*Aim of the exercise:* All that should come back is the lines of the data below from the one containing "对底部菜单进行diy设置,目前是首页,公司,下单,订单,我的,这五个导航" to the one containing "presence of light", inclusive, exactly as they stand.

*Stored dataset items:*
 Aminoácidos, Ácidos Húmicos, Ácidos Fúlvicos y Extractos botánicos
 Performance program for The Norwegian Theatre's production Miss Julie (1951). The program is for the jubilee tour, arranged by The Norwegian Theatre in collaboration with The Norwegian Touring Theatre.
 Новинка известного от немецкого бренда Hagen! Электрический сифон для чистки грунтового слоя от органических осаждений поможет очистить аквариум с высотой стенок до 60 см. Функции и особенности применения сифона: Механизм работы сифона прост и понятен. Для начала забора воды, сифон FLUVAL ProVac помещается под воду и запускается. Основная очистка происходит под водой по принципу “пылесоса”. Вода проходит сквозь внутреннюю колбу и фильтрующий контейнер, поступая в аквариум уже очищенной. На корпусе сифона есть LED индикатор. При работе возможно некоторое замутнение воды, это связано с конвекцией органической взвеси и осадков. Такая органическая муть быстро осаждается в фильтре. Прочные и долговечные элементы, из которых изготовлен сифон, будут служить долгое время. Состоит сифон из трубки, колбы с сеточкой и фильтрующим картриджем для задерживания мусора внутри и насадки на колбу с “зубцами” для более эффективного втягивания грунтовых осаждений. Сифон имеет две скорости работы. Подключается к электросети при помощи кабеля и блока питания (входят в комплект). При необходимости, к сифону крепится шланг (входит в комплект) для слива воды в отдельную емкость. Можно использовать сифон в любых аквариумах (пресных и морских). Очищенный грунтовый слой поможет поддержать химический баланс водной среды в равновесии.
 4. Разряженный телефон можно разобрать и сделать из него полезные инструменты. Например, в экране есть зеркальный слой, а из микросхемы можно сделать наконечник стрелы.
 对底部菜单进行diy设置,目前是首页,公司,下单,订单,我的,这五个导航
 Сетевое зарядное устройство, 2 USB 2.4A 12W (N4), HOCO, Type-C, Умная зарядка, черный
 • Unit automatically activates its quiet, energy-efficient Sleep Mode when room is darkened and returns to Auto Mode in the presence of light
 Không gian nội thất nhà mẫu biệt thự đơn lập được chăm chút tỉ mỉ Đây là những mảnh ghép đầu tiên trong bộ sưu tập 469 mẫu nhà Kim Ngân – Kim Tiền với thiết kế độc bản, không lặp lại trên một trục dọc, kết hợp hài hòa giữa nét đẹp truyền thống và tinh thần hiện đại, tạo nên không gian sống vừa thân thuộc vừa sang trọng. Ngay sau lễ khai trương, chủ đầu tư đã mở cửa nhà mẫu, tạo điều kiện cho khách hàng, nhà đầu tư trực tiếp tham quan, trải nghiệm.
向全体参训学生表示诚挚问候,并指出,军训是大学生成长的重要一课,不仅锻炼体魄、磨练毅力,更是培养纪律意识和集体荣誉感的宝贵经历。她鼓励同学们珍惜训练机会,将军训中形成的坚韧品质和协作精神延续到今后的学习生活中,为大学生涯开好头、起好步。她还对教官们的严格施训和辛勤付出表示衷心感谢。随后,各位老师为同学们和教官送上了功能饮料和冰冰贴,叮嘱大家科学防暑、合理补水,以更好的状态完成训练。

*Reply:*
 对底部菜单进行diy设置,目前是首页,公司,下单,订单,我的,这五个导航
 Сетевое зарядное устройство, 2 USB 2.4A 12W (N4), HOCO, Type-C, Умная зарядка, черный
 • Unit automatically activates its quiet, energy-efficient Sleep Mode when room is darkened and returns to Auto Mode in the presence of light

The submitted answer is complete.